The number of compounds used in a cell-based assay is often lower than what can be screened in a simple enzymatic reaction. The cell-based models are usually more complex and the assays typically require longer time to perform. Furthermore, the maintenance of a cell culture lab for high number of assays is more costly than what is needed for simple biochemical assays, thus it is worth considering whether the associated costs can be limited by testing fewer compounds. Also, the measurement results may show higher variance in cell-based assays than in biochemical assays and may require higher number of repeats that will considerably increase the expenses. Since there is limited information about the number of compounds that may protect the cells against an injury, we can start the screening with a validation set of compounds that may contain compounds that are known to reduce the cellular injury in that model and also include various other compounds to see the data variability. This can give us information about the expectable number of hits in larger sets of compounds and help us plan the screening strategy. A reference compound that protects against the injury may not be available when we study a new disease model, thus we may need to consider the use of controls in which the injury has not been induced and introduce the use of positive controls in the assay once we identified drugs that protect against the injury.
A two-step procedure may be preferred in the majority of phenotypic screens: starting with a smaller set of compounds with higher expectable hit ratio followed by a second screen of larger sets of compounds that may achieve a lower hit ratio. The number of hits is higher in sets of compounds that mostly contain biologically active compounds than in sets of drug-like molecules. It is easily understandable that drugs that interfere with biological processes definitely possess binding sites, whereas those compounds that only show resemblance to other compounds do not necessarily have any targets in a cell.
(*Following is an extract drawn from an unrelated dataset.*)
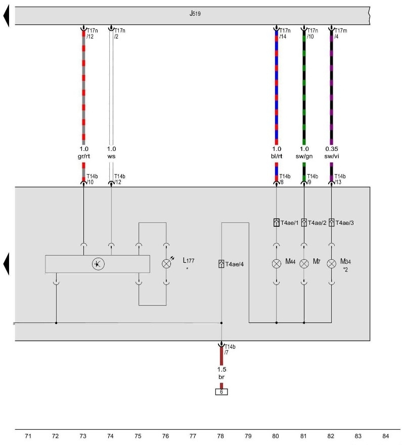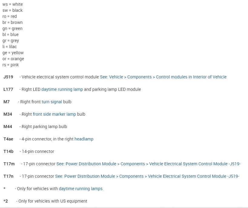 These are the diagrams for the light modules. The first one is just the right-hand lamp module. The other 7 are the OE wiring diagram and the key for the symbols and colors. If the wires pulled free with the contact pins be sure to bend the retainer tangs out so they clip in when you put them back.

However, many of the biologically active compounds may show higher level of toxicity in the cells, since their known activity may not be related to cytoprotection and it may increase the data variability.
Hit selection may also include two steps in cell-based screens: (1) identification of hits in the primary screening and (2) a secondary confirmation assay of the hit molecules. Because of the higher variability of the assays and measurement values, the active compounds may show less cytoprotection in a single measurement than their average effect, thus it is better to use cut-off values that allow us to select a broader set of initial hits. These compounds will include many false positives, which will fail to show protection in repeated tests. If we expect a hit ratio around 1 in 100 molecules in the primary screen, and run confirmatory tests in repeats (e.g. in 3–6 repeats), it gives an the assay burden of ~50% for the hit confirmation step, which is substantially less than running the primary screen in duplicates. In many cases, the number of confirmed hits will be around or below 1 in 1000 compounds tested, so the set of test compounds should include a few thousand compounds in the first primary screen to produce a meaningful set of data. Fewer compounds may not contain protective molecules at all and the lack of confirmed hits often results in discontinuation of the project.
Clinical compounds can be used for initial screening efforts and a repurposing approach can speed up the drug discovery process. The number of drugs approved for human use is around 2400 in the USA and there are no more than 4000 molecular entities approved worldwide (including the US market) [24]. There are various sets available from a few vendors that contain a selection of clinically used drugs and may also include other compounds that went through toxicology studies but failed in the clinical phases (Table 1). If multiple of these sets are obtained from different companies, there is usually substantial overlap in the provided drugs but the vendors mostly use independent sources for the drugs and various salts of the same compound might be included in the different sets. Another option is to use a compound library of biologically active drugs. In this case, the majority of the drugs will have an annotated target in the cells but not all compounds will possess a binding site: for example, the drug target may not be expressed in the cell type in use or an anti-infective compound may not have a mammalian homolog. In general, these libraries mostly contain a similar number of potentially cytoprotective drugs as clinical libraries but there is a huge difference between them in the subsequent steps. Those compounds that have gone through formal toxicology studies, may be directly reused for other diseases, but those compounds whose toxicity have never been investigated will require more follow-up work.
Compound library
Number of drugs
Short description
Link
NIH Clinical Collection
450
Compounds that have already been in clinical use or in clinical trials
Examples of compound libraries for cell-based screening projects.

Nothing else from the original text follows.